Supplied records.
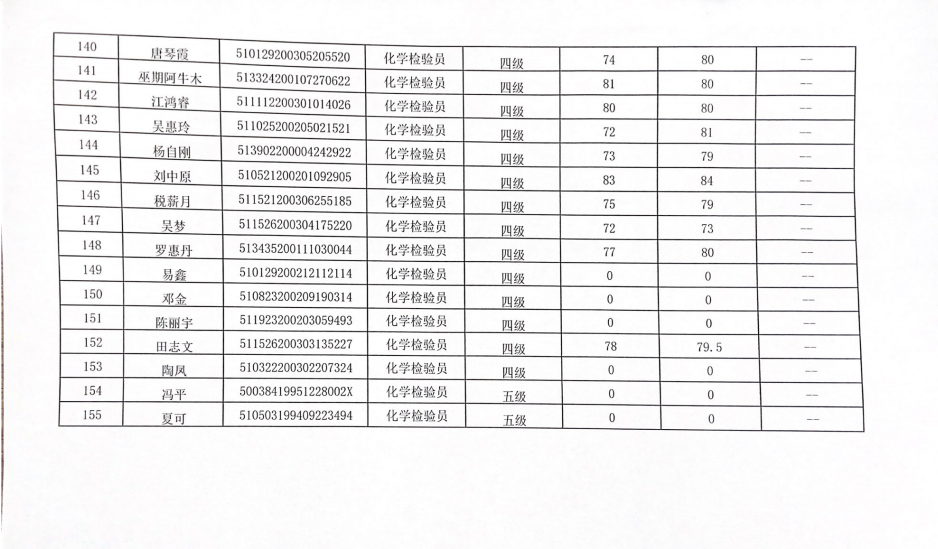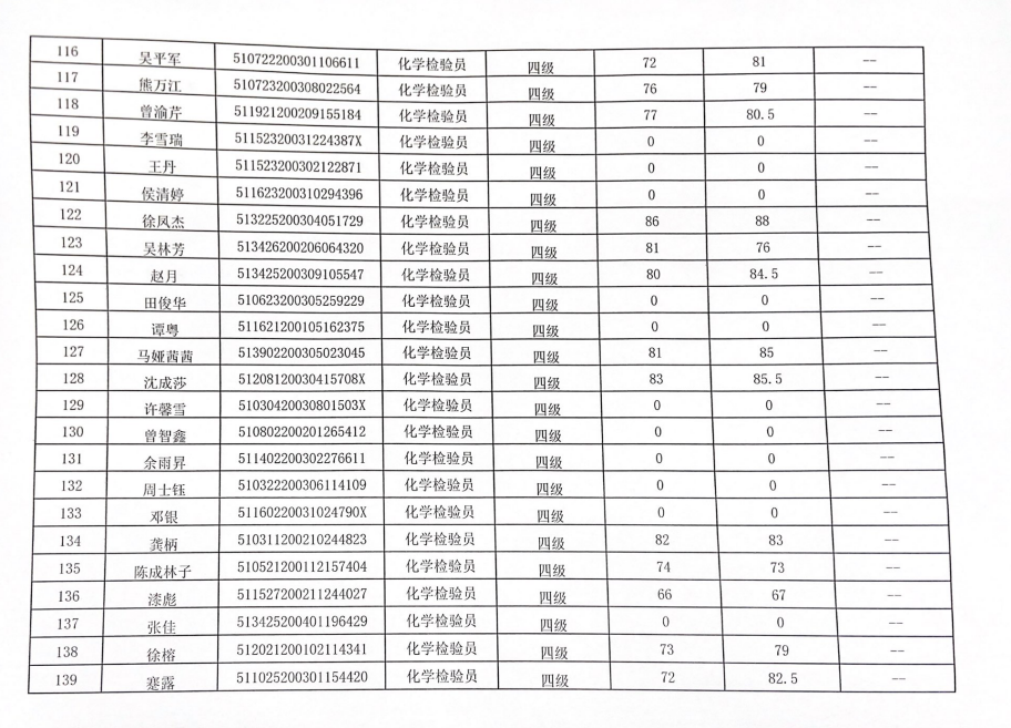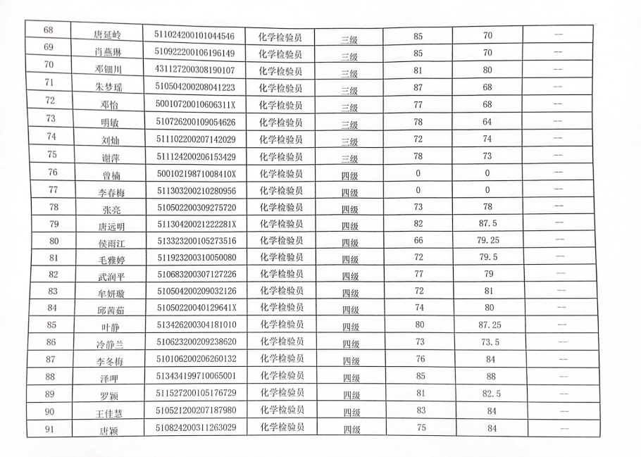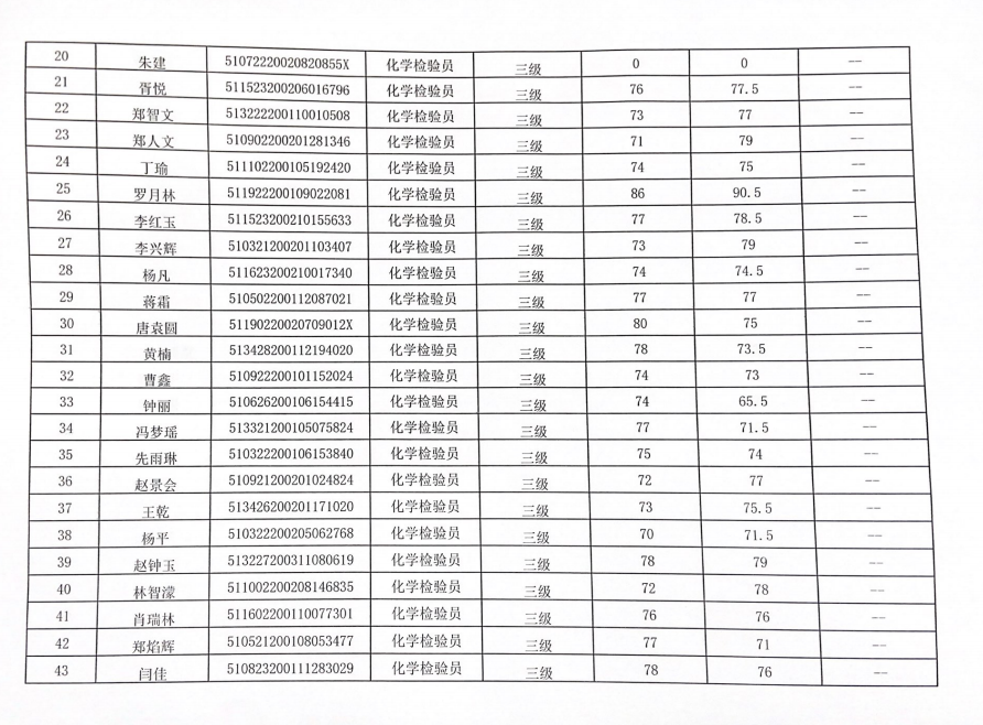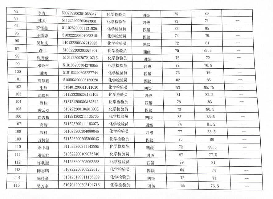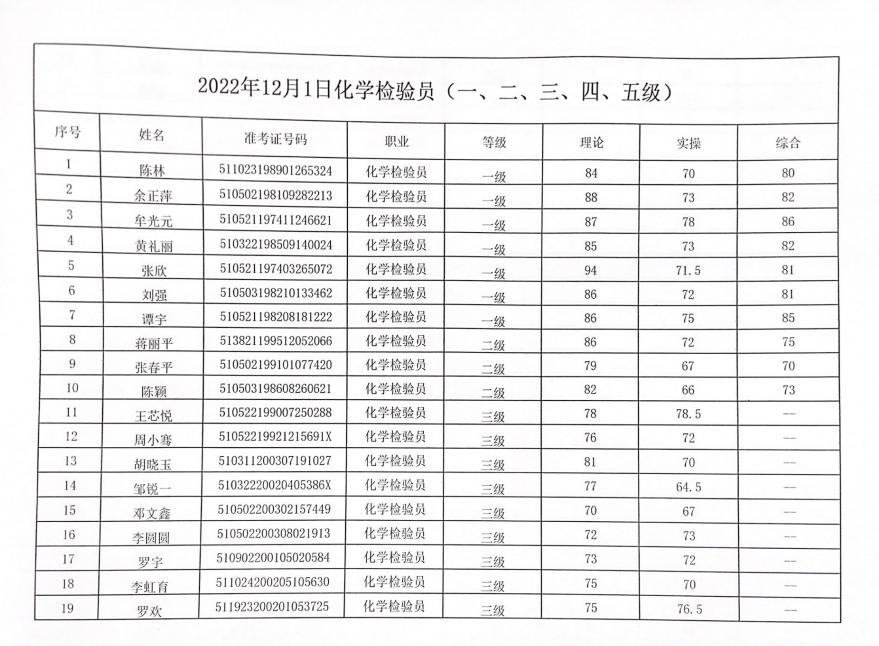 四川化工职业技术学院职业技能等级认定中心于2022年12月1日进行了化学检验员(1、2、3、4、5级)职业技能等级认定,现将本次成绩公示如下(见附件)。公示时间:2022年12月23日至2022年12月27日。
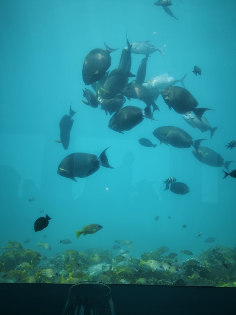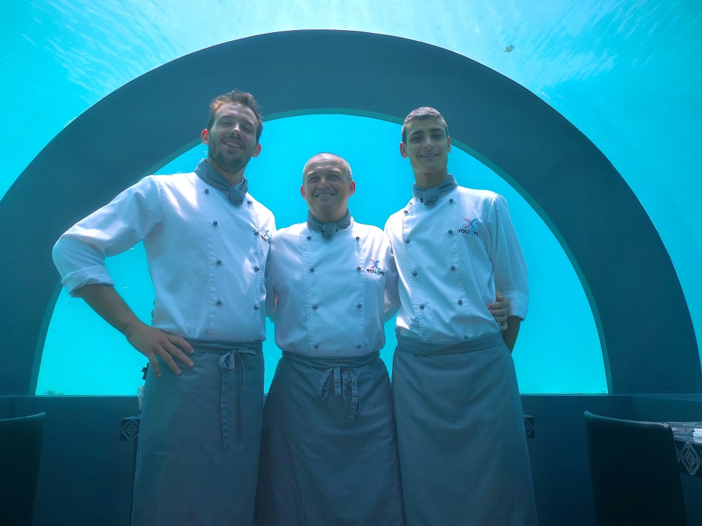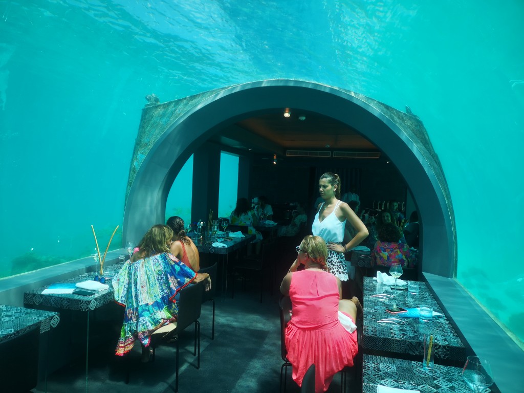 Adagiato 6 metri sotto il livello del mare, a circa trecento metri di distanza dal pontile del resort, isolato e raggiungibile sono in barca, offre un raffinatissimo ambiente dove consumare un pranzo o una cena esclusivi, attesi da una brigata di cucina eccellente circondati dalle finestre panoramiche affacciate sul fondo del mare che pullula di pesci multicolori, offrendo scene di vita sottomarina impagabili.
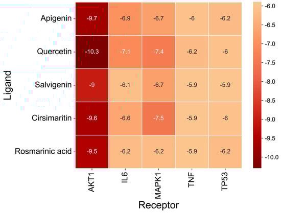 Table 9) showed that all compound–target pairs exhibited minimum binding energies lower than −5.0 kcal/mol, suggesting favorable and stable interactions. Among them, quercetin showed the strongest binding affinity with AKT1, with a minimum binding energy of −10.3 kcal/mol, indicating that this compound–target interaction may play a central role in the pharmacological mechanism of Fespixon cream for diabetic foot ulcer treatment. The binding conformations were visualized using PyMOL software (
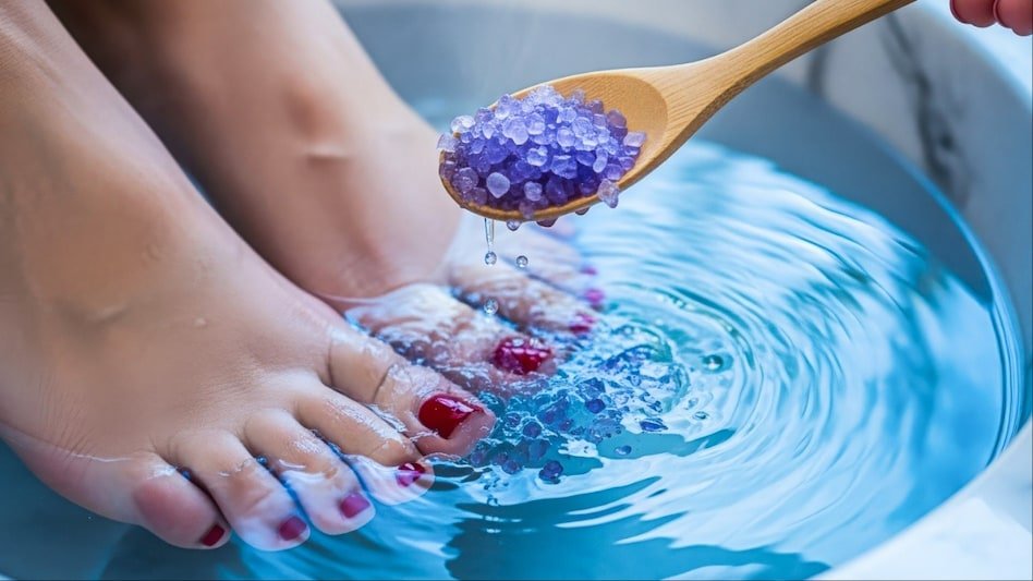 एक टब में गुनगुना पानी लें। इसमें एक चम्मच समुद्री नमक (Sea Salt), थोड़ा सा नींबू का रस और अपना पसंदीदा माइल्ड शैम्पू मिलाएं। अपने हाथों और पैरों को 15 मिनट के लिए इसमें डुबोकर रखें। यह थकान मिटाने के साथ डेड स्किन को नरम कर देगा।
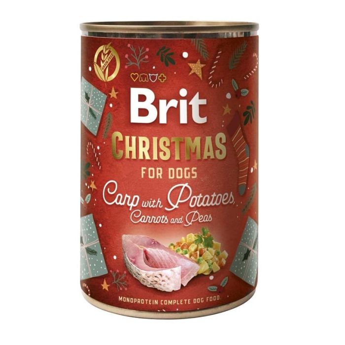 Brit Mono Protein Christmas Dinner to mokra karma dla dorosłych psów z karpiem i warzywami. Idealnie sprawdzi się jako świąteczna kolacja, dzięki swojej unikalnej kompozycji smaków.
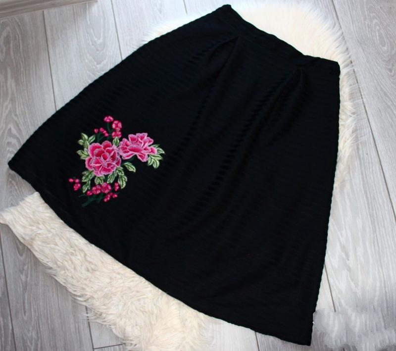 Спідниця чорна дзвін у горизонтальну текстурну смужку з вишивкою, uk, 12 (3304)
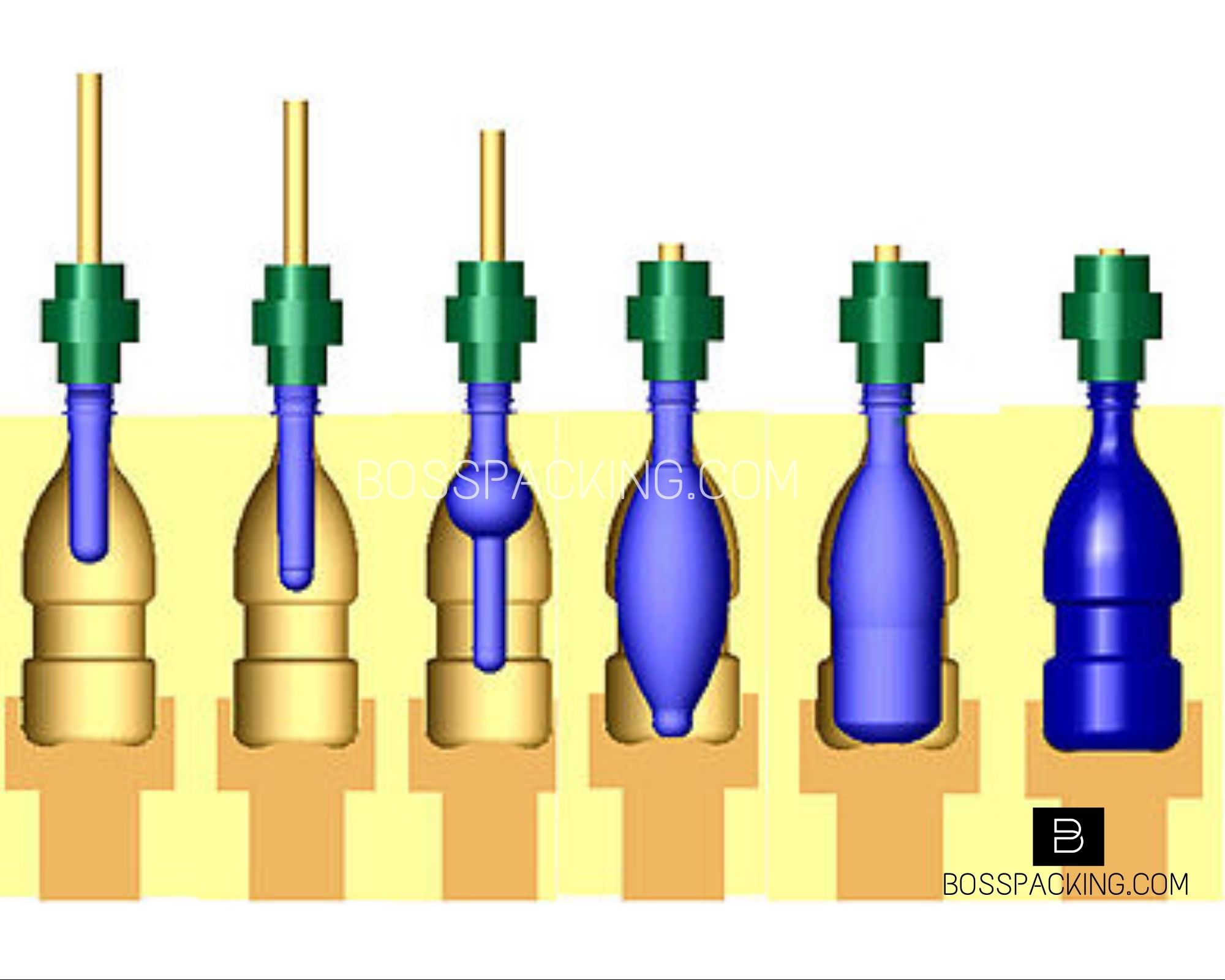 - Для изготовления полых предметов путем выдавливания пластика в камеру, которая выдувается наружу, чтобы принять форму полости пресс-формы пластикового контейнера.
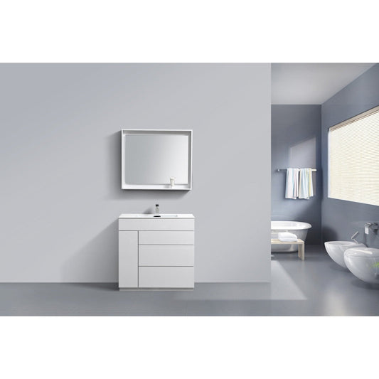KubeBath Milano 36" High Gloss White Freestanding Modern Bathroom Vanity With Aluminum Kick Plate & Acrylic Composite Integrated Sink With Overflow and 36" White Framed Mirror With Shelf
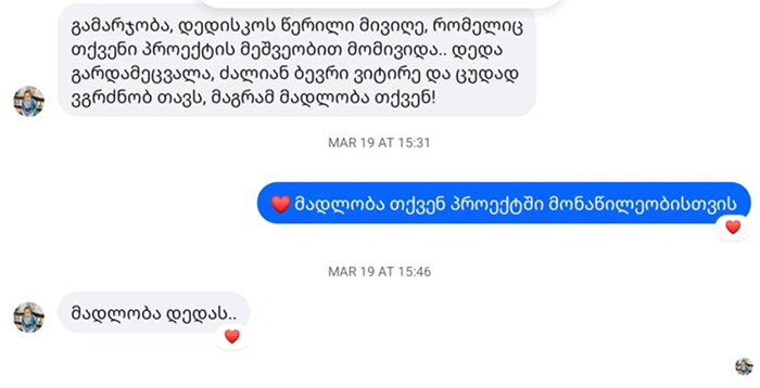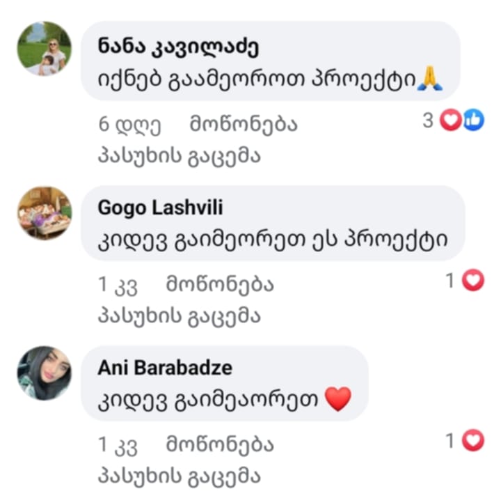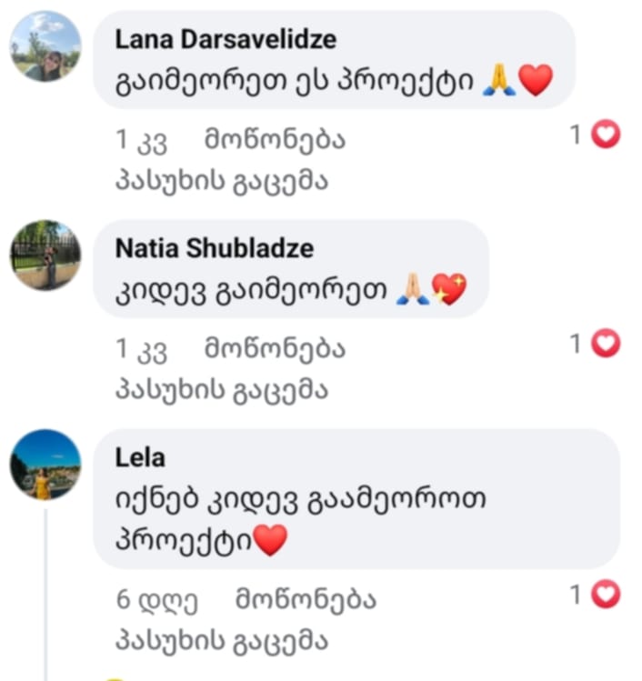 „რა კარგი პროექტია. არც ვიცოდი, თუ ასეთი საშუალება არსებობდა. მეც სიამოვნებით დაწერდი“.
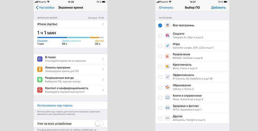 Включаем систему контроля в меню Настройки – Экранное время и продолжаем пользоваться iPhone. В воскресенье получим отчет о проведенном со смартфоном времени и используемых при этом приложениях.
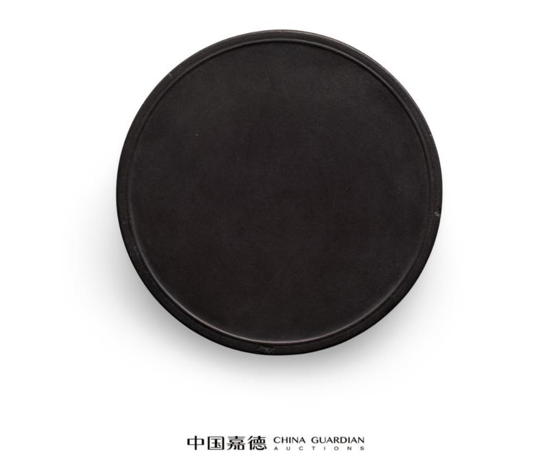 砚作圆形,直径11公分,高2.1公分,端石,材质精良,细润如肤,抚之即晕,呵之即湿,为优质老坑石材。砚面洁净无瑕,未开水池、砚堂,光素平坦,周雕窄边,砚体虽无雕饰但通体严整、爽利。

Problem to work on. Print, word for word, the lines above that run from the line containing "Brit Mono Protein" to the line containing "Включаем систему контроля", both included. Keep the pictures out.

Your solution.
 Brit Mono Protein Christmas Dinner to mokra karma dla dorosłych psów z karpiem i warzywami. Idealnie sprawdzi się jako świąteczna kolacja, dzięki swojej unikalnej kompozycji smaków.
 Спідниця чорна дзвін у горизонтальну текстурну смужку з вишивкою, uk, 12 (3304)
 - Для изготовления полых предметов путем выдавливания пластика в камеру, которая выдувается наружу, чтобы принять форму полости пресс-формы пластикового контейнера.
KubeBath Milano 36" High Gloss White Freestanding Modern Bathroom Vanity With Aluminum Kick Plate & Acrylic Composite Integrated Sink With Overflow and 36" White Framed Mirror With Shelf
 „რა კარგი პროექტია. არც ვიცოდი, თუ ასეთი საშუალება არსებობდა. მეც სიამოვნებით დაწერდი“.
 Включаем систему контроля в меню Настройки – Экранное время и продолжаем пользоваться iPhone. В воскресенье получим отчет о проведенном со смартфоном времени и используемых при этом приложениях.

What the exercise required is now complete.